Как старинные приятельницы, так и новые знакомые Ксантиппы, даже те, которые до сих пор смотрели на нее свысока, мешали ей теперь заниматься делом, осаждая несчастную женщину расспросами и зловещими предсказаниями. По их словам, Сократ то оскорбил народ публичной похвалой образованию, то задел весь город, превознося чужеземные порядки, наконец, — и это предостережение повторялось чаще всего — он богохульствовал, насмехаясь над жрецами. Хотя Ксантиппа значительно утратила свою набожность со времени замужества, однако резкие выходки мужа против религии пугали ее.

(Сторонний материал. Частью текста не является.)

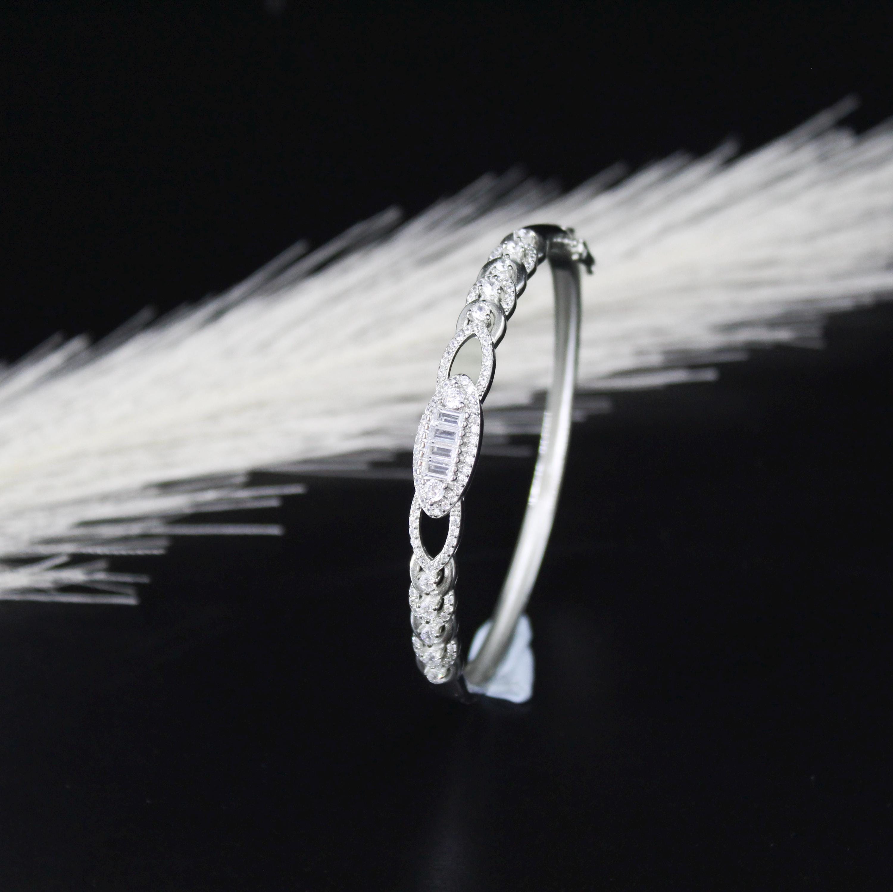 Discover the perfect blend of elegance and comfort with this sterling silver bangle bracelet, designed for women who cherish minimal luxury style and timeless beauty. Featuring a dazzling baguette cut cubic zirconia centerpiece surrounded by sparkling round cut stones, this bracelet adds a refined sparkle to any outfit. Whether you're seeking a wedding jewelry gift or a meaningful gift for her, this piece offers lasting shine and sophistication.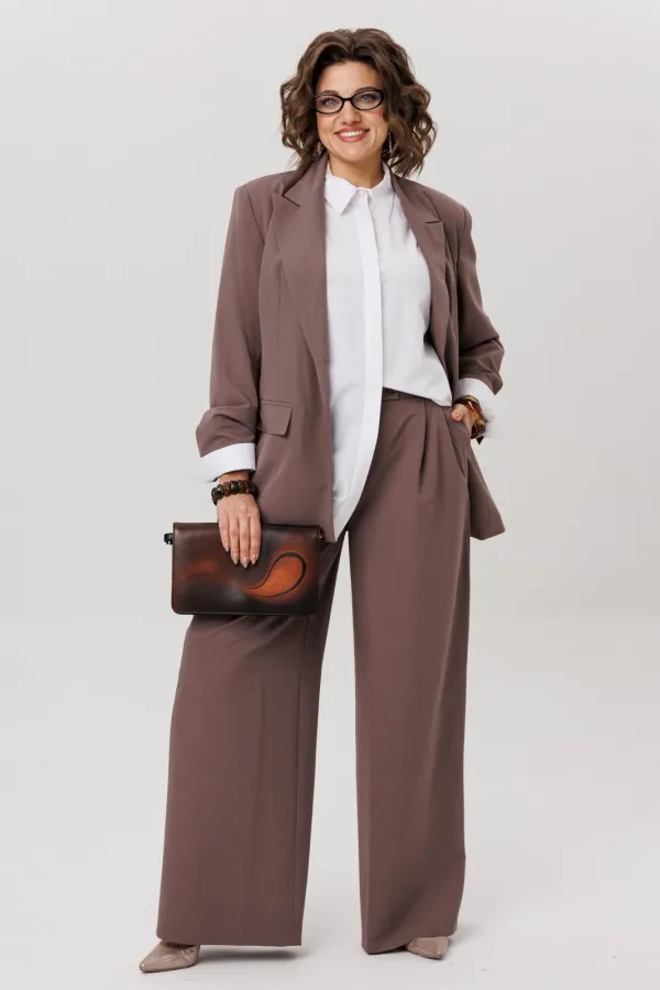 Такой костюм от Анелли можно носить как вместе, создавая цельный образ, так и по отдельности, комбинируя жакет или брюки с другими элементами гардероба. Это делает его универсальным и практичным решением для различных ситуаций.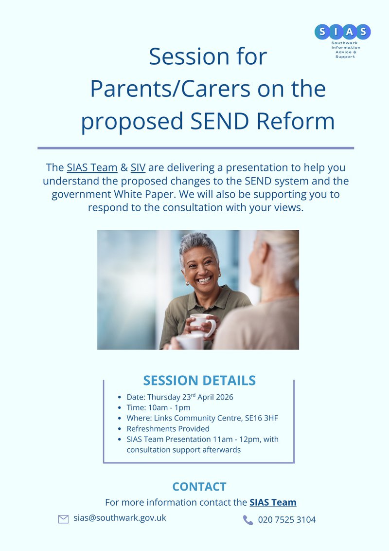 Southwark Independent Voice hosting a coffee morning with Southwark Information Advise Service to help parent carers understand the SEND Reforms and how to participate in this consultation.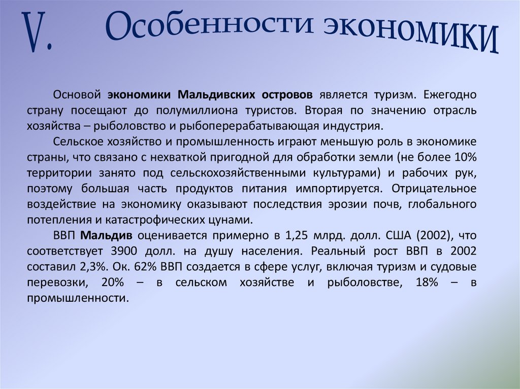Основой экономики Мальдивских островов является туризм. Ежегоднострану посещают до полумиллиона туристов. Вторая по значению отрасль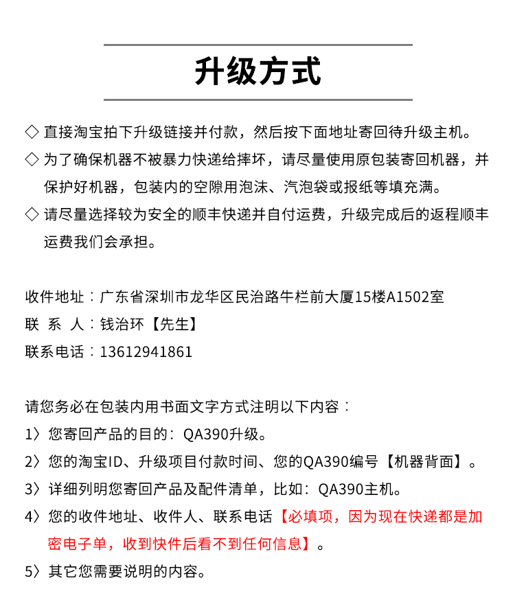 3〉所有朋友拍下訂單后,請在2天內(nèi)寄出您的QA390,晚收到的機器只能安排到下一個批次才能MOD。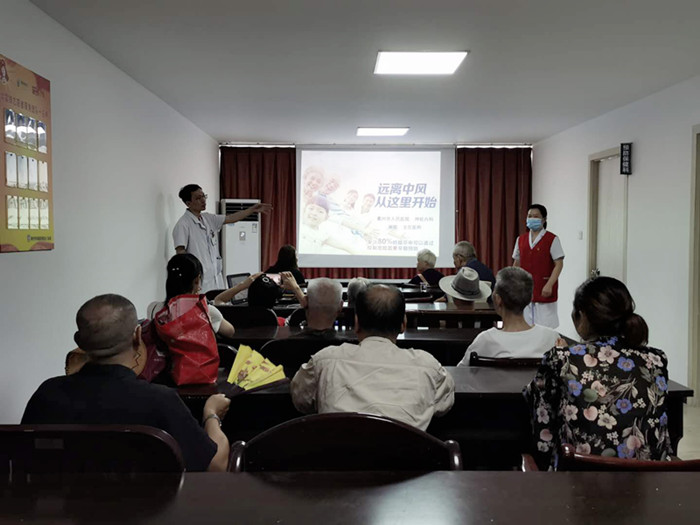 “哪些原因會(huì)導(dǎo)致腦卒中?”“80%腦卒中可以通過控制危險(xiǎn)因素早期預(yù)防?!被顒?dòng)現(xiàn)場,楊銘作《遠(yuǎn)離中風(fēng)從這里開始》的科普講座,“腦卒中(俗稱中風(fēng))是一種急性的腦血管病,具有高患病率、高發(fā)病率、高死亡率和高致殘率的特點(diǎn),被稱為‘人類健康的頭號(hào)殺手’?!蓖ㄋ滓锥氖谡n,社區(qū)居民表示十分受益。
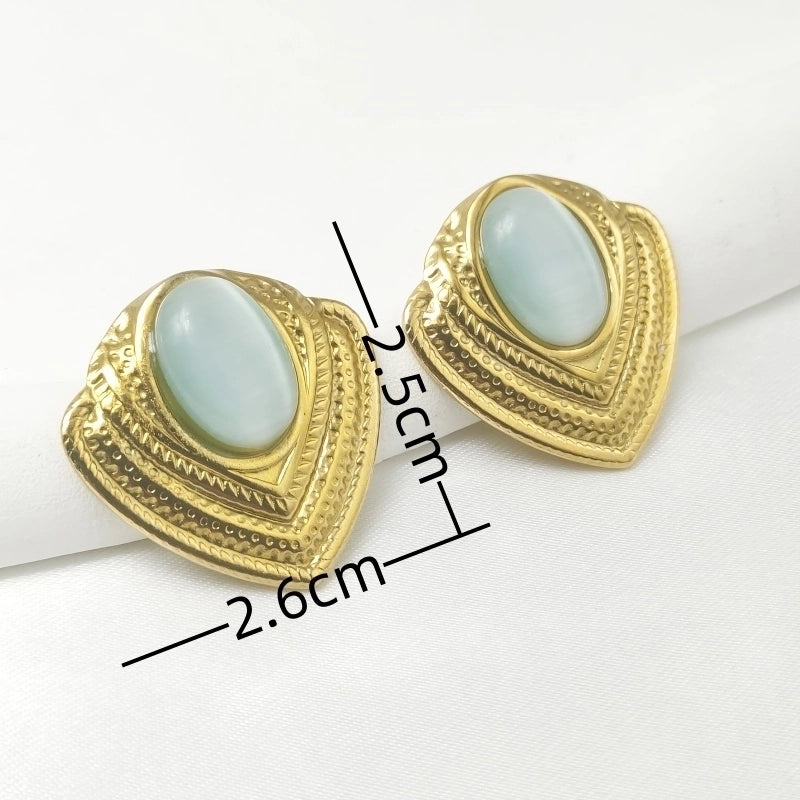 1 Pair Retro Exaggerated Geometric Plating Inlay 304 Stainless Steel Opal 18K Gold Plated Ear Studs
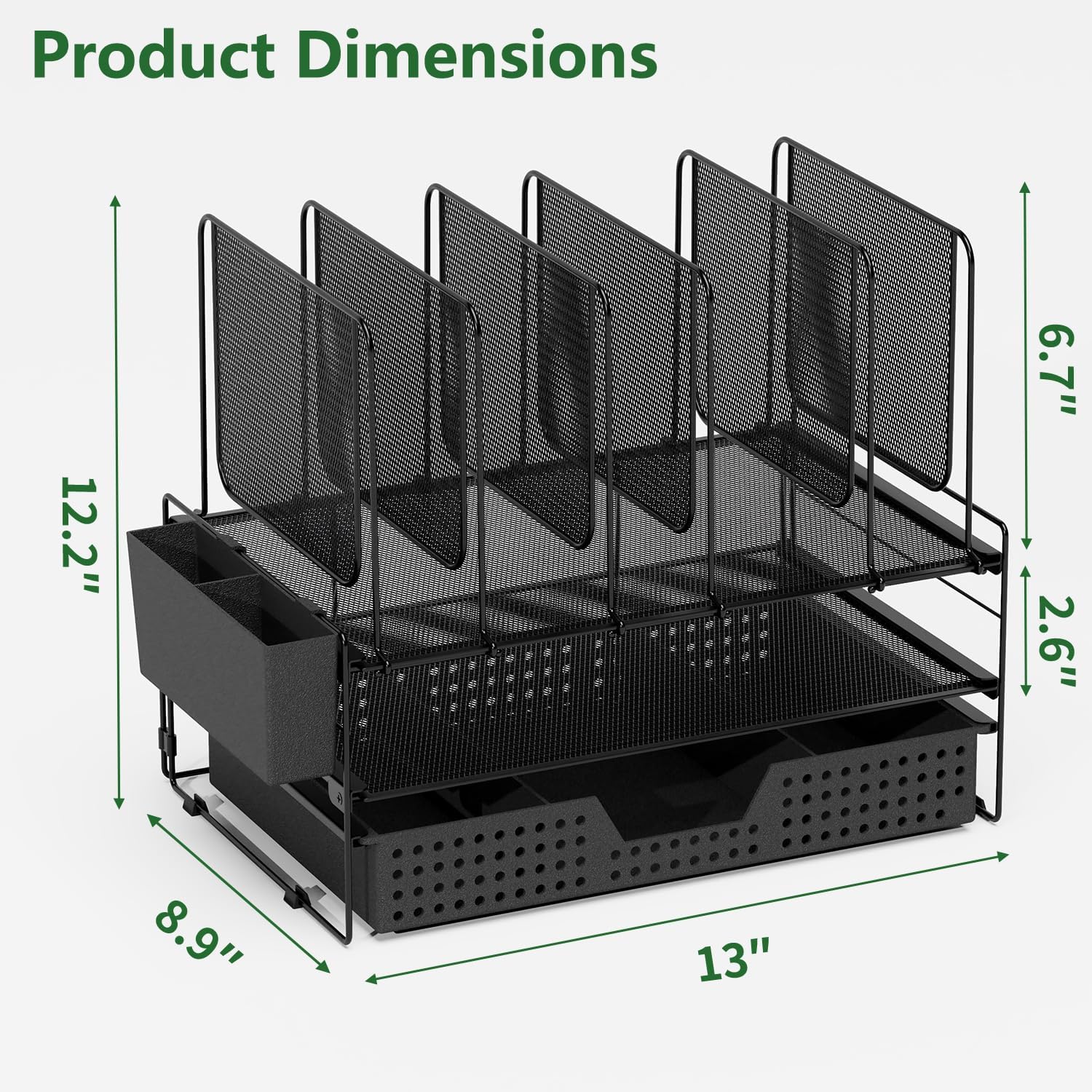 { Large Storage Capacity } You can organize your files and documents in the trays and the vertical file holder, together with all your office supplies in the drawer, and pens and markers in the pen holder. The desk file organizer provides you a perfect desk organization solution, creating more desk space for you to work more efficiency and more productive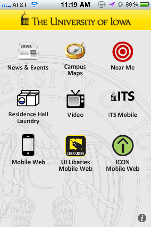 The second app released by Iowa’s ITS department is simply called University of Iowa (iTunes link). This app is a native version of the web-app that has been in beta for several years now. The native app does not have as many features as the mobile web site, but it does have several features that users will find useful: news, campus maps, a function to find available laundry machines for those that live on campus, one can manage their library account, manage your printing queue, and (using Apple’s web-view API) open mobile ICON.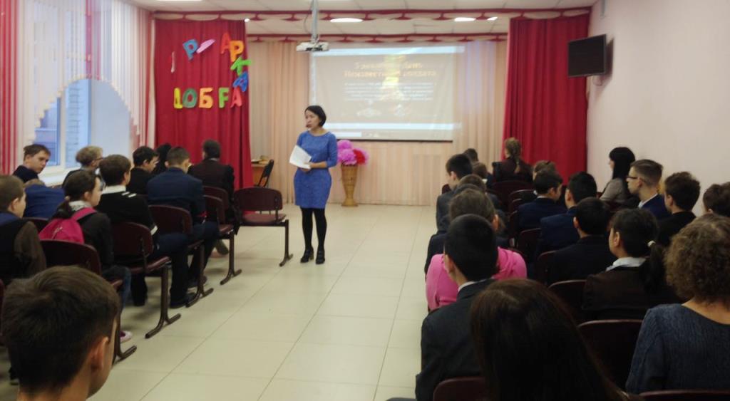 5.12. учителем истории Тимургалиевой Д.А. для учащихся 6-9 классов был проведён классный час на данную тему. Ученики с интересом слушали историю этой памятной даты, посмотрели короткий фильм, где рассказывается о героях Советского Союза и РФ.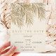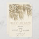 Moderne, einfache Imitate Goldpalme mit einfacher Typografie, ein trendiges und Save the Date tropisches Hochzeitstil auf Palmenblättern mit Elfenbein aus Weiß.

Даже сама великолепная Аспазия однажды посетила ее лавку и, без церемонии усевшись на полуоконченную мраморную ступень, рядом с хозяйкой, завела с ней такой разговор, будто бы Ксантиппа была по меньшей мере женою архонта и могла карать или миловать кого ей угодно.

Супруга Лизикла заговорила о том, что Сократ сделался теперь героем дня, и поэтому должен примкнуть к какой-нибудь политической партии, если не хочет в конце концов сесть между двух стульев. Муж Аспазии и красавец Алкивиад — при этом имени куртизанка так дерзко заглянула в глаза Ксантиппы, что та покраснела и принялась торопливо обтирать перепачканную пылью ладонь о мраморную ступеньку; — итак Лизикл с Алкивиадом, предводители благонамеренных патриотов, были бы не прочь помочь Сократу занять высокое положение в государстве, если бы он захотел вступить на политическое поприще. Она — Аспазия — слишком мало разбирается в подобных вещах, но завтра к Ксантиппе зайдет сам Алкивиад и научит, как взяться за дело.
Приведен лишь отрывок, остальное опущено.